Healthcare and advocacy
During the interview round, contestants were asked to discuss healthcare disparities and the barriers Black women continue to face within the American healthcare system.
According to the Centers for Disease Control and Prevention, Black women over the age of 40 face a maternal mortality rate of 132.9 deaths per 100,000 live births, which is more than double the rate for white women in the same age category. This is an issue that the previous reigning royal court which included Gabby White, Selena Hairston and Aja Halbert sought to address.

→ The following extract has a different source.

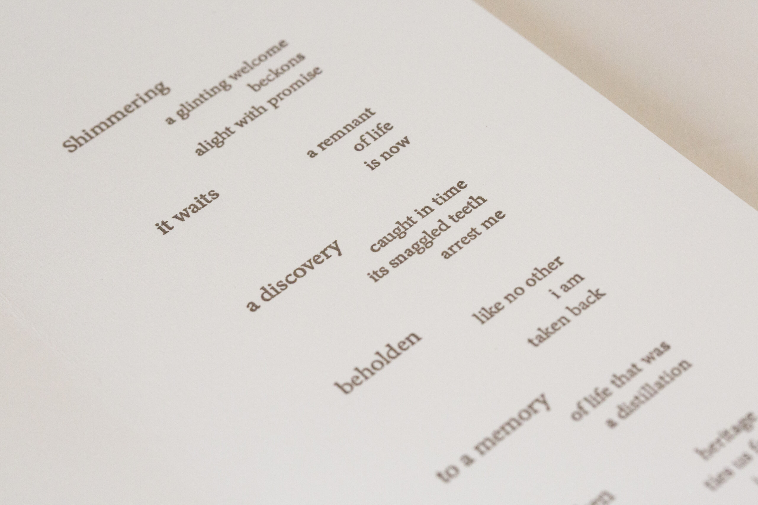 The title poem, Keepsakes, runs throughout the book from folio to folio spanning the entirety of the book. The photographs are paired with the poems as echoes of experience, as opposed to more literal illustrations. This sequencing of image and text, or absence of text, or image, sets up a pacing of the material that allows the viewer to experience the book in a series of steps, each folio can stand on its own as a keepsake, or be experienced collectively with the others in the book.

Sophomore Sage Harrison later connected the issue to her own experience navigating epilepsy treatment.
“I remember waking up from my seizure to my mother frantically calling 911, and it was a traumatic situation. My mom is also a midwife. She is a healthcare professional, so that was hard for her, but she advocated for me because who knows where I would be today if she had not,” Harrison said.

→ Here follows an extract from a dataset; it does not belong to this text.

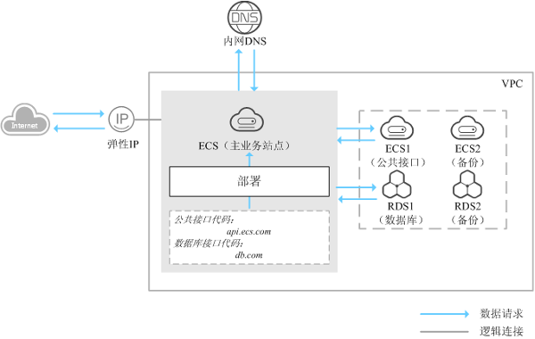当该网站在运行过程中,因ECS1故障,需要将业务切换到备份的云主机ECS2时,若云主机没有配置内网域名,则需要通过修改主业务节点ECS的代码来重新设置云主机的内网IP地址。该操作需要中断业务并重新发布网站,耗时耗力。

Sophomore Aaliyah Ehiemua said her experiences with healthcare advocacy have shaped her goal of becoming a pediatric surgeon.
“This mindset fuels my mission to become part of the 4% of pediatric surgeons who are Black women because representation is not optional; it is necessary,” Ehiemua said.

Representation on stage
Beyond the pageant itself, contestants discussed initiatives ranging from healthcare advocacy to expanding opportunities for Black women in the arts. Harrison, for example, discussed creating an HBCU classical music program and expanding educational opportunities for Black women in the arts.
As the awards were announced, Derege received Miss Congeniality, voted by the contestants for her peer support and interpersonal leadership. Bah received Miss 1906, recognizing her as the standout first-year student embodying Alpha Phi Alpha values, and Davis was named runner-up and received Miss Kappa Theta, recognizing her overall excellence and chapter engagement.

When Harrison was crowned Miss Old Gold and Black 2026, the moment carried particular significance for a student pursuing classical music, a field where Black women remain underrepresented.
“I grew up in Atlanta, so I grew up with Spelman, Morehouse and Clark Atlanta all next to me, so that was what I dreamed of, but classical music told me no,” Harrison said.
For decades, Black musicians have challenged barriers within classical music. Figures such as Chevalier de Saint-Georges, often referred to as the “Black Mozart,” and contemporary cellist Sheku Kanneh-Mason have helped reshape perceptions of who belongs within the genre. At Vanderbilt, Harrison said she hopes to support Black classical musicians through her aspiration to become president of the upcoming Blair Black Musicians Association.
“If we are not represented, we do not know what we can achieve, and if we are not seeing ourselves in the places we want to be, then we do not know we can step into those rooms,” Davis said.

As the ceremony concluded, six Black women stood shoulder to shoulder holding roses and scholarship awards, having spent the evening transforming experiences too often overlooked into stories that demanded to be heard.
“Black women can be anything, and I do not want to put myself in a box,” she said.